5. Early diagnosis and referral to a center with substantial experience in evaluation and treatment of CS substantially improves outcomes. There is a tendency for less radiation-intensive imaging techniques and less invasive surgical techniques.

6. Neurodevelopmental issues are common and cannot be entirely attributed to the skull phenotype or the surgical trauma. Better understanding of the brain-dura-suture axis may allow better treatment approaches.
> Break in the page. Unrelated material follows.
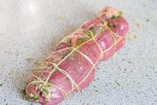 Das Flanksteak plattieren, das Fleisch salzen und pfeffern, mit Pesto einstreichen, aufrollen. Etwas Pesto zum Anrichten später auf die Seite legen.

7. Targeted FGFR1, FGFR2, FGFR3 and TWIST1 genetic testing is appropriate as a first-line test for patients with coronal and complex NCS as well for those with syndromic CS. Mutation analyses of TCF12 and ERF are justified in all patients with coronal synostosis who are negative for FGFR and TWIST1 mutations. The value of these tests for patients with sagittal and lambdoid CS is minimal, if any.

8. Chromosomal microarray has become an important diagnostic tool for patients with CS associated with additional anomalies, developmental delays and for those with affected relatives. Based on its diagnostic yield it could be justified as a second-tier test after the targeted gene analyses.

9. Exome sequencing is clinically available and an appropriate test for nonspecific syndromic cases and NCS probands with affected relatives when mutations in the genes associated with CS and submicroscopic chromosomal abnormalities have been excluded.

10. Non-surgical treatment remains unavailable but there are indications that it may become a possibility in the future.

11. Extensive collaborations between leading CS experts and sharing clinical, imaging and epidemiological data, as well as pooling biological specimens, are likely to more rapidly advance the knowledge of the field of CS. The International Craniosynostosis Consortium (genetics.ucdavis.edu) is an open collaborative network where both clinicians and researchers may contribute data, specimens and expertise related to CS and interested families may enroll in ongoing studies.